The Future of Mass Transportation

I am going to posit right off the bat that American mass transit is irrevocably broken. I’m not pointing any fingers at anyone or any political party when I say that. It is quickly becoming fact. The other thing I am going to put forth is that the car culture that we know now is basically heading in the same direction and we need to get more people to drive less, for a number of reasons.

When you look at the population and its mass transit ridership there is one group that really is not doing more riding and that’s the middle class/business class. There’s probably two really good reasons for this: a) the train or the bus never goes to where they need to go and b) the bus is certainly not as nice and comfy as their car. I don’t blame them. If I had a Lexus, I’d certainly take that over the current buses.

With the cash strapped municipalities unable to add more bus lines or upgrade the buses to a more posh level, it is really time for the private sector to step up as there is money to be made. Take, for example, Bauer’s Limousine Service, and their Wi-Drive system, that caters to the white collars in Palo Alto. They have found a way to get the well-off to ride and probably make a profit at it.

I hope that in the future, we’ll see more of this. I think that there are a number of areas where a tidy profit could be made with a similar business plan as Bauer’s while also serving the world to clean up congestion and maybe the environment.

My first thought is to create ‘commuter flights’ that would take the place of the short hop jet traffic. A similarly equipped bus with routes that travel the small distances that connecting flights take care of would be quite doable. The trick is in the price/time/comfort skewing.

Take for instance a connecting flight from St. Louis to Chicago: that air flight would take 1:15.That’s four times as fast as  driving, right? Factor in the hour check-in/TSA (if you play by the rules) and the half hour it takes to get your bag and out the terminal door and now you’re only two hours apart in time.   A direct shot bus with no stops, like Mega Bus should make the trip in 5:30. A bus would have no doubt more comfy seating, free wi-fi, the same laughable bathroom, at two-thirds the price. Ideally, this bus would make drop offs and pickups at the airports, fitting it in with the current transportation system. I’d think that six hours is probably the max where this trade-off would be considered workable.

The more interesting puzzle to solve is the ‘last mile’ issue of mass transit. While you can get people to park at the park and ride lot, they won’t do it because the bus doesn’t go directly to their destination. People would be happy to NOT sit in gridlock on an arterial but they don’t want to be dropped off six blocks from work. The added difficulty is that a lot of commuting is to office parks in the suburbs where there might be a half mile or more to each campus. I’m not sure what the answer here is. Companies hiring out buses or perhaps hiring a bus for the short trip from campus to drop off point?
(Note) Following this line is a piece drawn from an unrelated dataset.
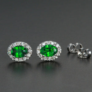 Pair of  14k white gold halo tsavorite garnet stud pierced earrings with friction backs, with two fine green color, GIA Type Il Clarity VS, oval tsavorite garnets. The tsavorite garnets have a total weight of 1.06 carats, measure 4 mm wide by 5.8 mm long, and are 4 prong set. Accenting the tsavorites are 24 round brilliant diamonds with F-G color and VS2-Si1 clarity and a total weight of .22 carats.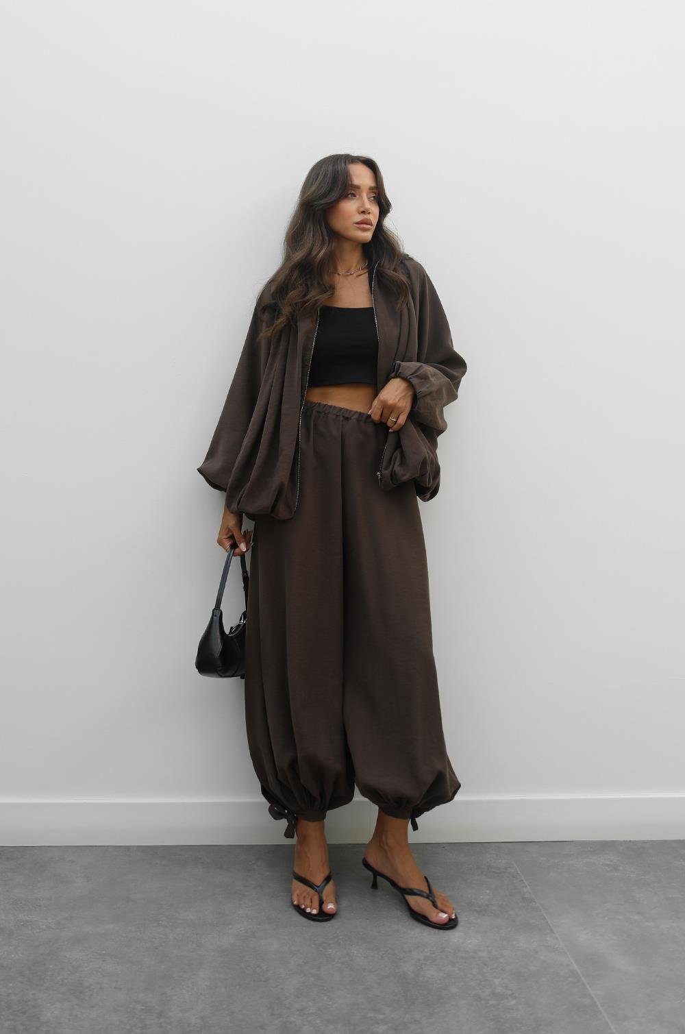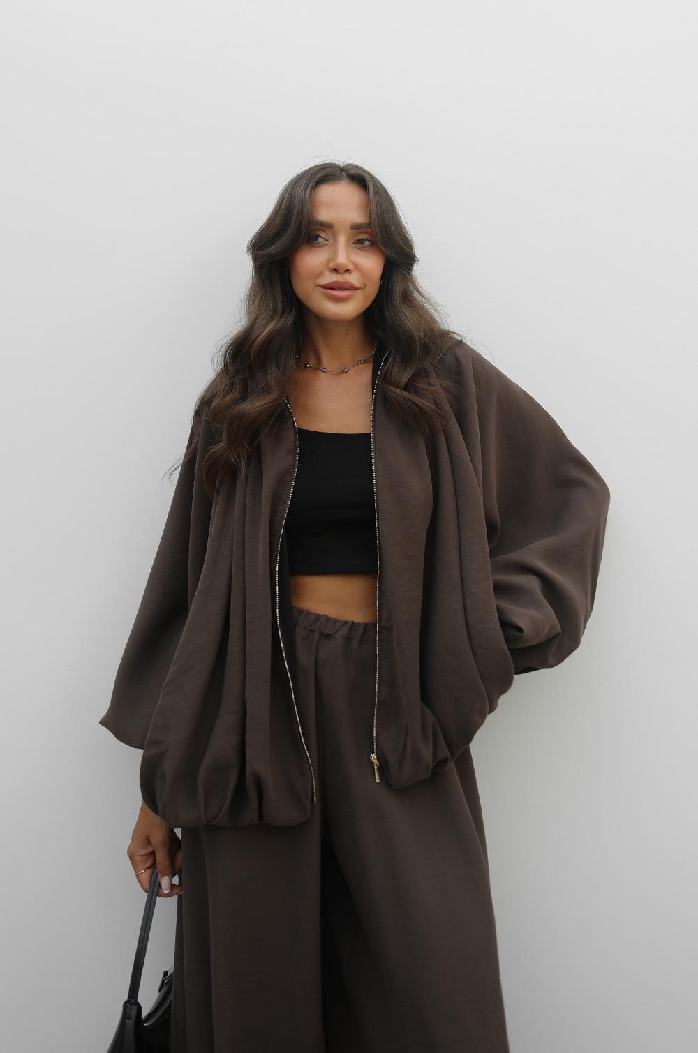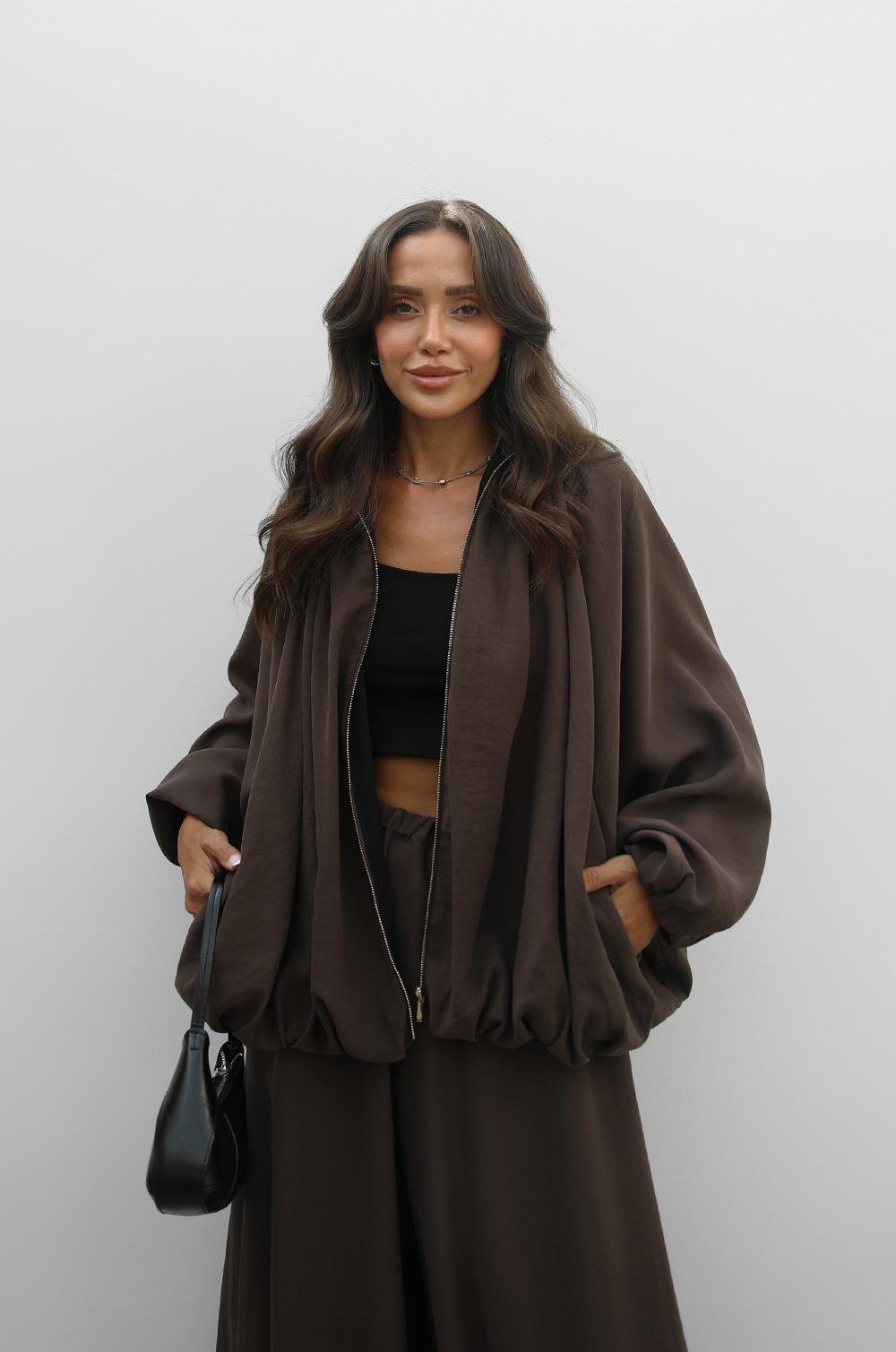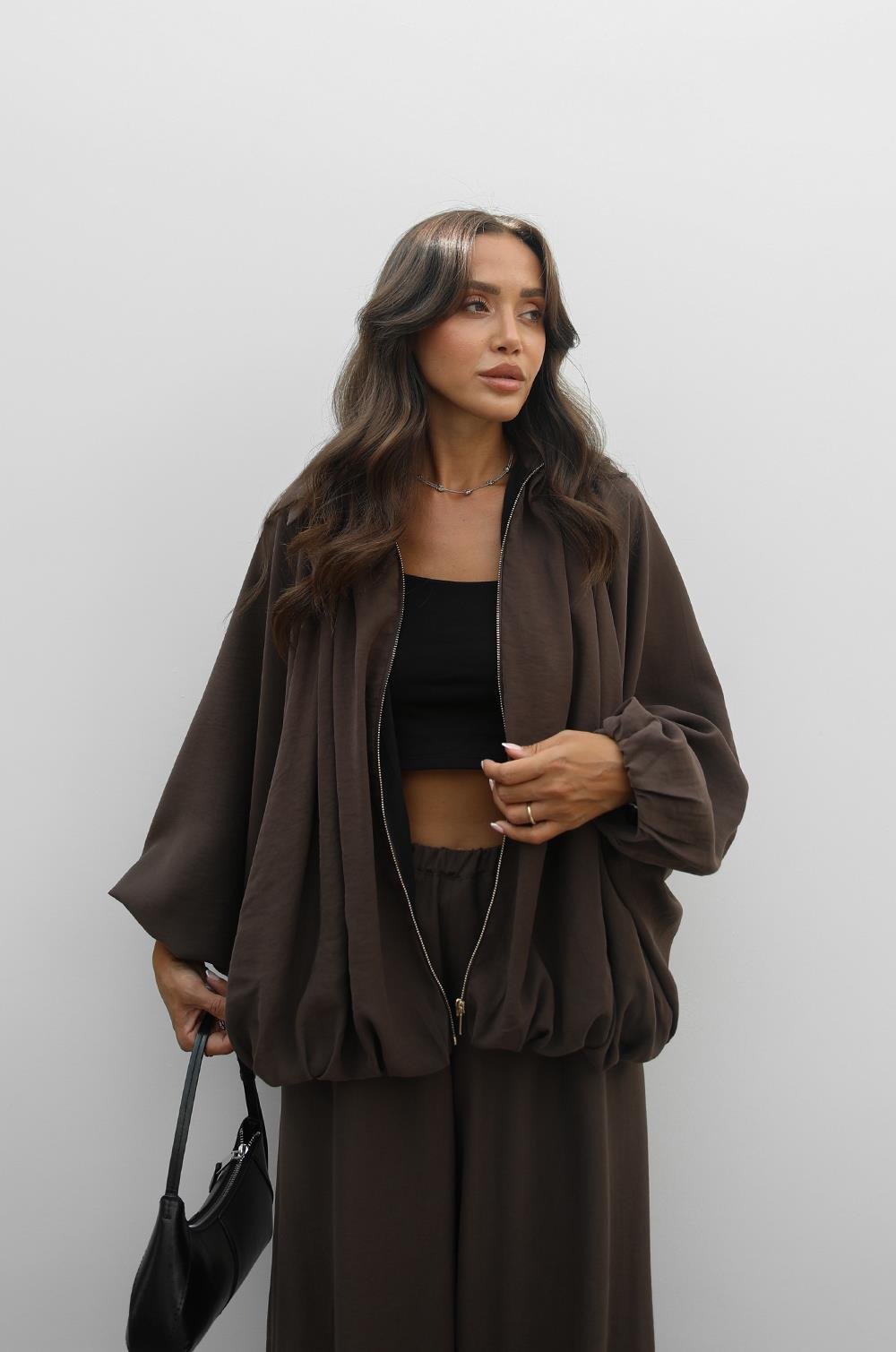 KAHVERENGI YARASA KOL FERMUARLI CEKET

Perhaps it could be a system of two buses: a long haul and a short haul to get to final destinations.

The whole trick of the thing is that private ventures, once they get involved (or see profitability in a venture) they will be able to offer the amenities that a larger percentage of the driving populace can get behind, then mass transit will finally have the mass appeal we’re looking for  – well in my humble opinion.

*P.s. anyone who takes this plan and runs with, it gimme some free rides!